EXERCISE BRIEF - Could you repeat the records below exactly, without the pictures?

Records from a data collection:
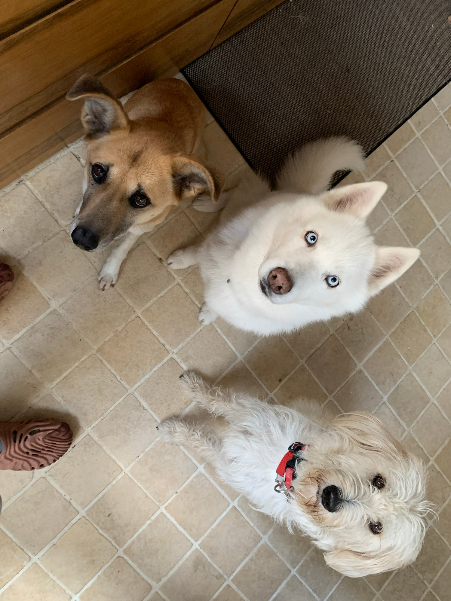 An overhead view depicts three domestic dogs situated on a light beige tiled floor with white grout. In the upper left background, light brown wooden cabinetry or paneling is visible, while a dark gre…read more
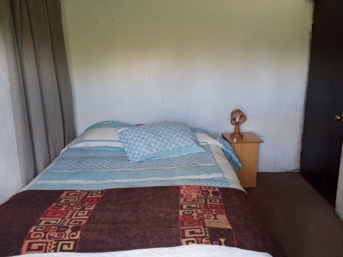 Corner house with private parking, spacious room for two people with excellent natural light and desk. Garden for walking barefoot in front and on the side of the house. Araucaria available in the front garden to be hugged when you need it. We live 15 to 20 minutes walking from downtown Coyhaique.
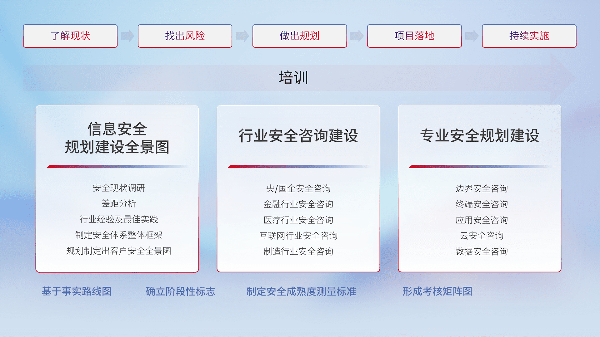 梳理客户信息安全现状调研、、、差距分析结果,,,结合行业先进经验及最佳实践,,,,制订客户的信息安全管控体系总结架构,,,最终形成一个完整的客户信息安全规划与建设的全景图。。
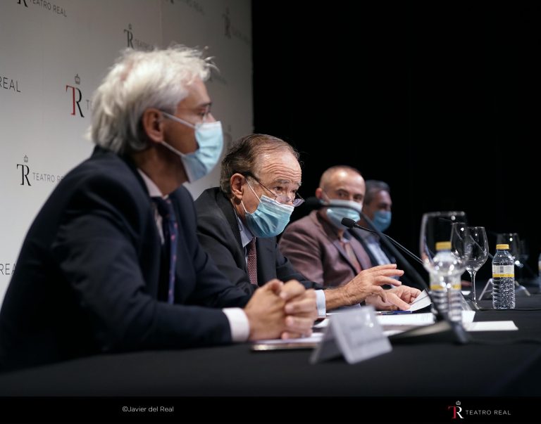 El Teatro Real está recordando a todo el público que se mantiene activo su estricto protocolo de seguridad sanitaria: alfombras desinfectantes, gel hidroalcohólico, oferta de mascarillas y medición de temperatura en todos los accesos al teatro; áreas de movilidad limitadas dentro del edificio; incremento de baños y barras para evitar aglomeraciones; limpieza permanente de todos los espacios públicos (baños, escalinata, barras, etc.), entrada y salida de los espectadores de manera escalonada; asistencia permanente e individualizada al público por parte del personal de sala; servicio médico asistencial durante las representaciones, etc.
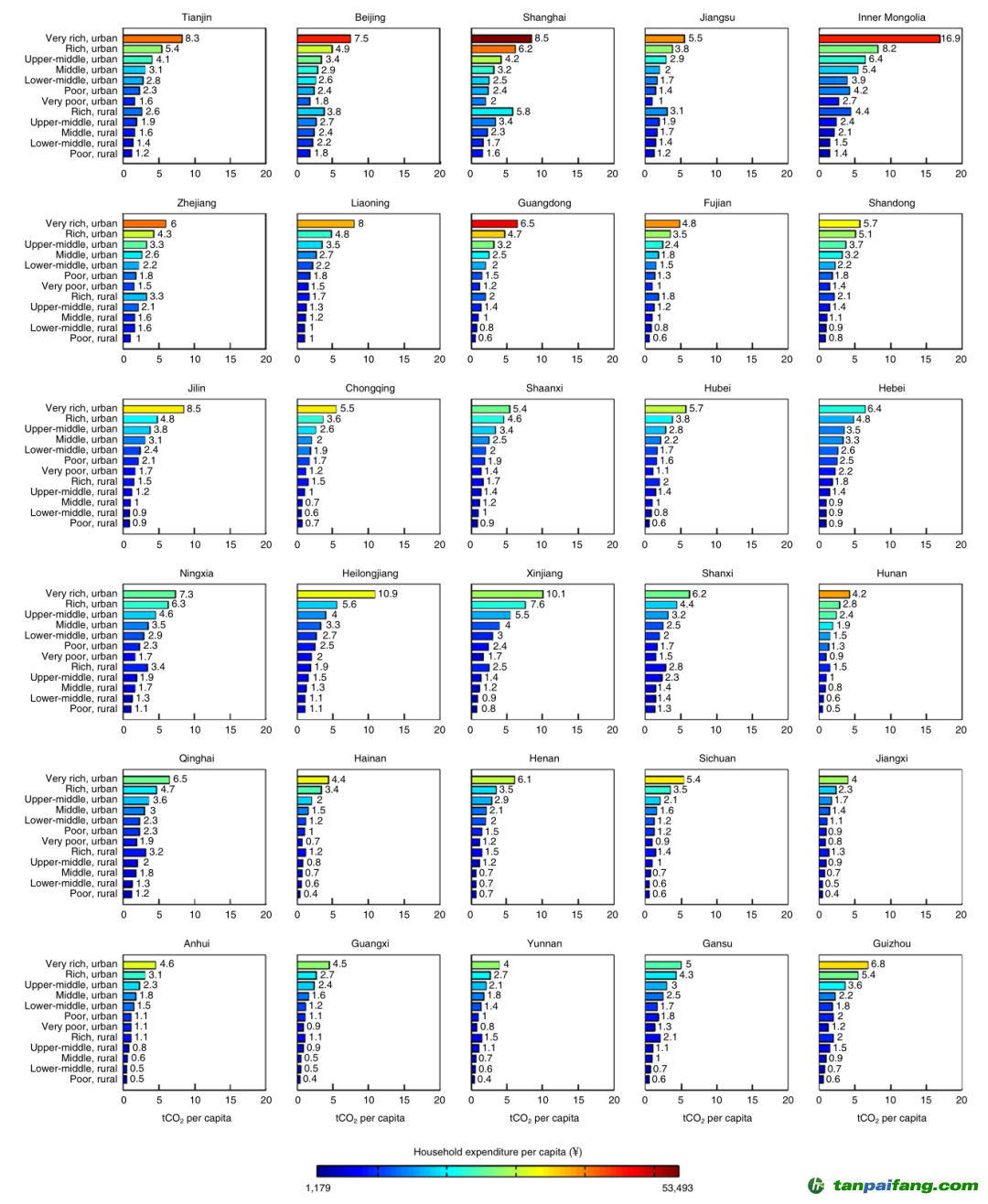 圖2. 2012年各省份12個(gè)收入群體的人均碳足跡
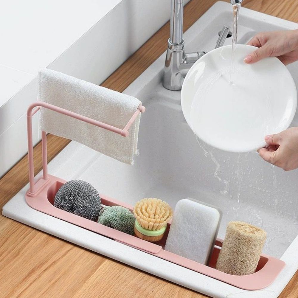 Suporte Organizador Pia Cozinha Ajustável Multiuso Escorredor Retrátil Pano Esponja
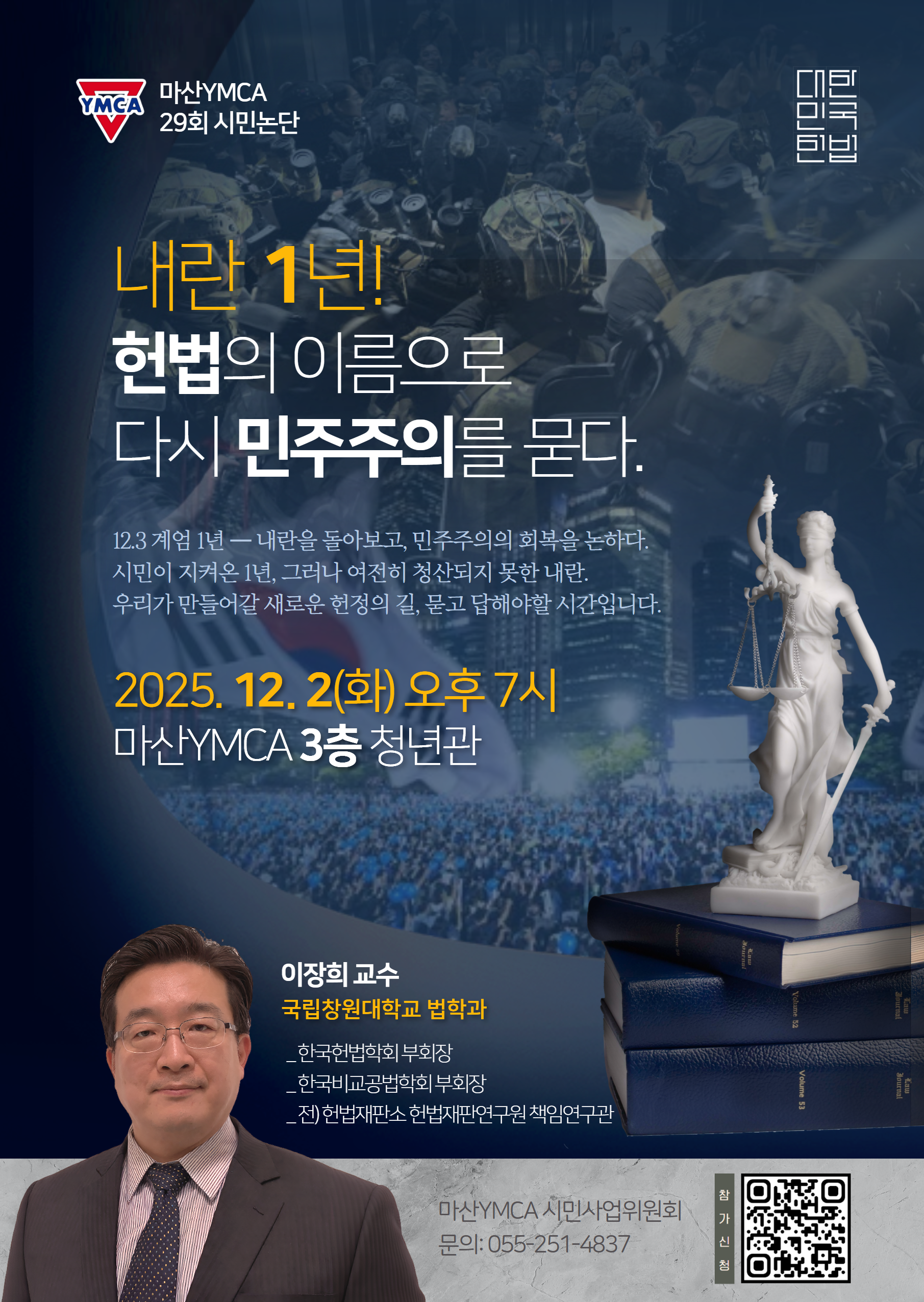 마산YMCA 시민사업위원회는 12월 2일 저녁 7시 ‘내란 1년! 헌법의 이름으로 다시 민주주의를 묻다’를 주제로 시민논단을 엽니다.
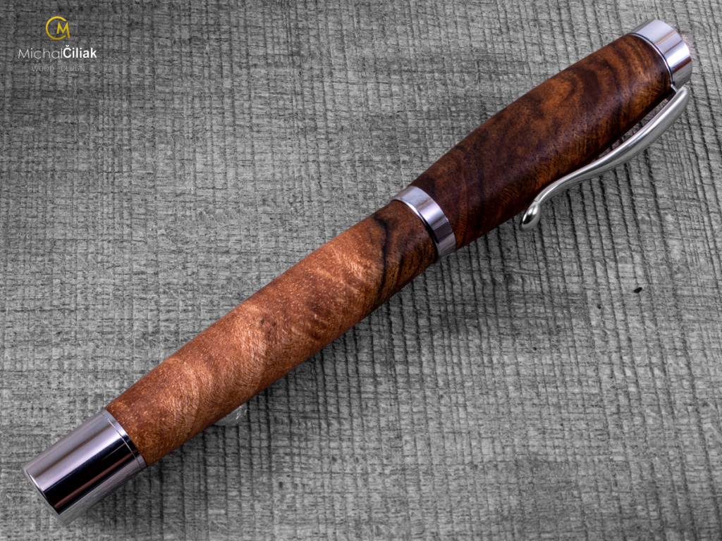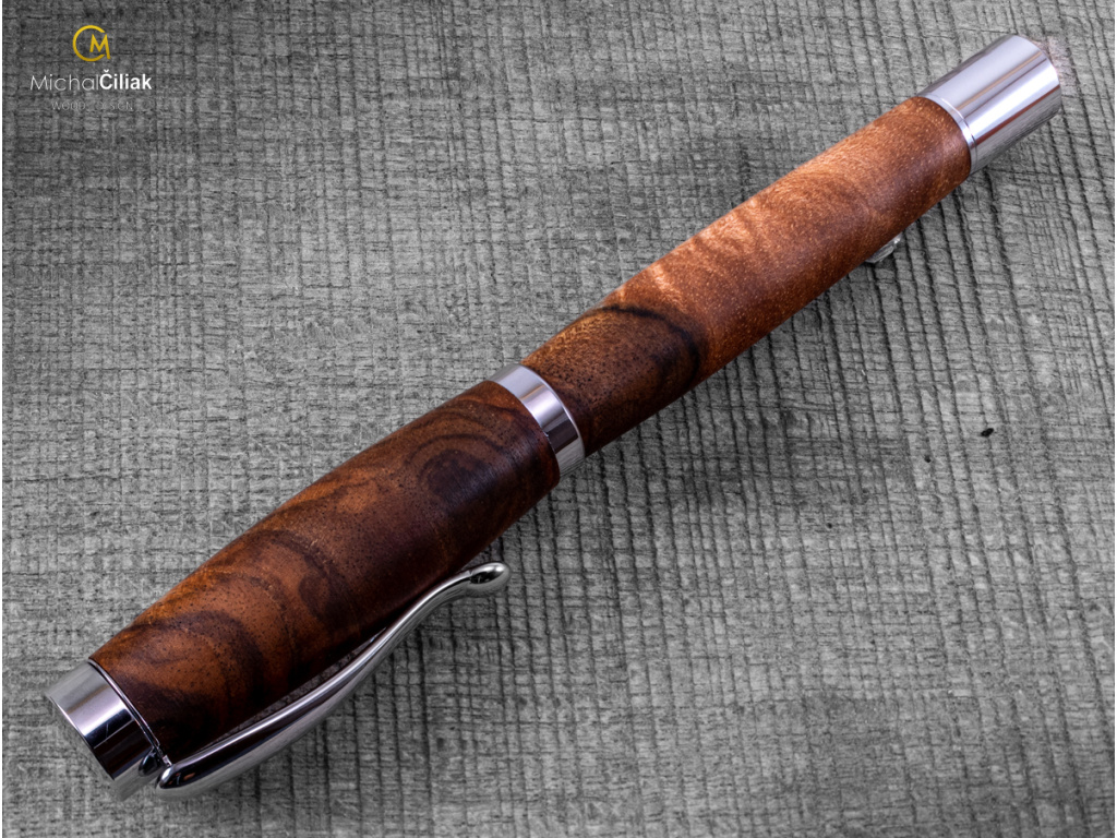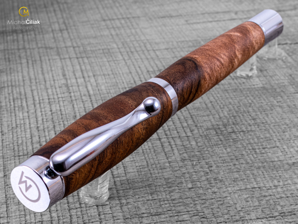 Ručně vyrobeno z českého ořechového dřeva, které vyniká svou elegancí a je vysoce ceněné. Pero je vyrobeno z jádrové části dřeva, která má tmavě hnědou až černou barvu s nezaměnitelnou texturou.

EXERCISE SOLUTION -
 An overhead view depicts three domestic dogs situated on a light beige tiled floor with white grout. In the upper left background, light brown wooden cabinetry or paneling is visible, while a dark gre…read more
 Corner house with private parking, spacious room for two people with excellent natural light and desk. Garden for walking barefoot in front and on the side of the house. Araucaria available in the front garden to be hugged when you need it. We live 15 to 20 minutes walking from downtown Coyhaique.
 梳理客户信息安全现状调研、、、差距分析结果,,,结合行业先进经验及最佳实践,,,,制订客户的信息安全管控体系总结架构,,,最终形成一个完整的客户信息安全规划与建设的全景图。。
 El Teatro Real está recordando a todo el público que se mantiene activo su estricto protocolo de seguridad sanitaria: alfombras desinfectantes, gel hidroalcohólico, oferta de mascarillas y medición de temperatura en todos los accesos al teatro; áreas de movilidad limitadas dentro del edificio; incremento de baños y barras para evitar aglomeraciones; limpieza permanente de todos los espacios públicos (baños, escalinata, barras, etc.), entrada y salida de los espectadores de manera escalonada; asistencia permanente e individualizada al público por parte del personal de sala; servicio médico asistencial durante las representaciones, etc.
 圖2. 2012年各省份12個(gè)收入群體的人均碳足跡
 Suporte Organizador Pia Cozinha Ajustável Multiuso Escorredor Retrátil Pano Esponja
 마산YMCA 시민사업위원회는 12월 2일 저녁 7시 ‘내란 1년! 헌법의 이름으로 다시 민주주의를 묻다’를 주제로 시민논단을 엽니다.
 Ručně vyrobeno z českého ořechového dřeva, které vyniká svou elegancí a je vysoce ceněné. Pero je vyrobeno z jádrové části dřeva, která má tmavě hnědou až černou barvu s nezaměnitelnou texturou.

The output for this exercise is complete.